Ratio and Root tests are both inconclusive

Answer 4

and integral test is too complicated

Answer 5

Hmm... Comparison test maybe? Just gotta find a larger function which converges

Answer 6

I was thinking if I can prove that it's a Cauchy sequence

Answer 7

Are you sure the integral test is too complex?

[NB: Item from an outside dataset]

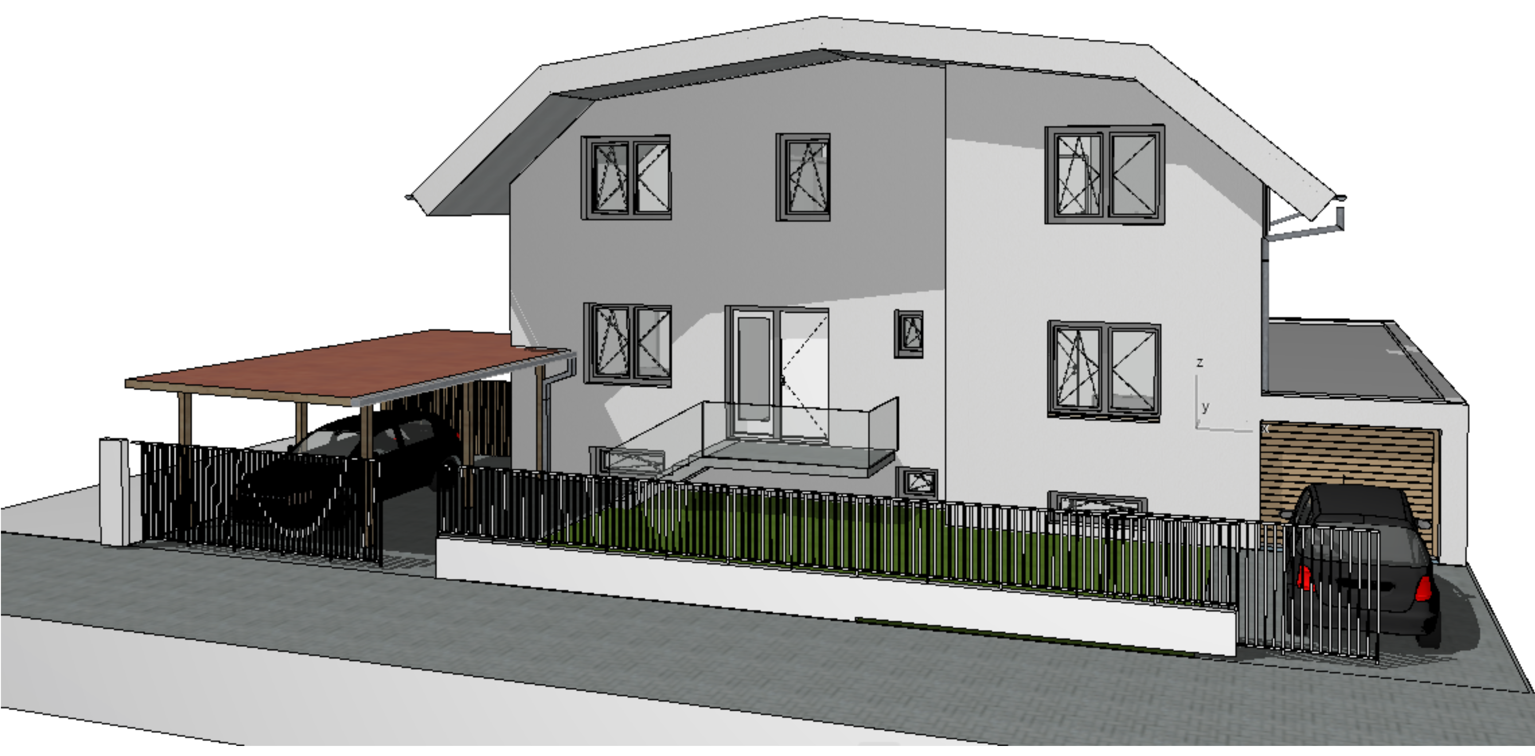 modern exterior shot roof grey fassade white with grey elements window frame grey roof carport grey garage door grey architecture

Change the 2^x into e^(xln2) then you can prob integrate by parts.

Answer 8

what do I choose as my u and dv?

Answer 9

\[\large \int\limits_{1}^{\infty} \frac{ x }{ e ^{x \ln 2} }dx = \int\limits_{1}^{\infty} x e ^{-x \ln 2} dx \]

Answer 10

u = x so du = dx. \[dv = e ^{-x \ln 2}\] so \[v =\frac{ -e ^{-x \ln 2} }{ \ln2 }\]

Answer 11

okay I'll try that

Answer 12

It should converge, just off the fact that the 2^n grows much faster than the n, in n/2^n.

Answer 13

\[ |S_n - S_m| = \left | \frac{m}{2^m } + \frac{m+1}{2^{m+1} } + ... + \frac{n }{2^n }\right |\]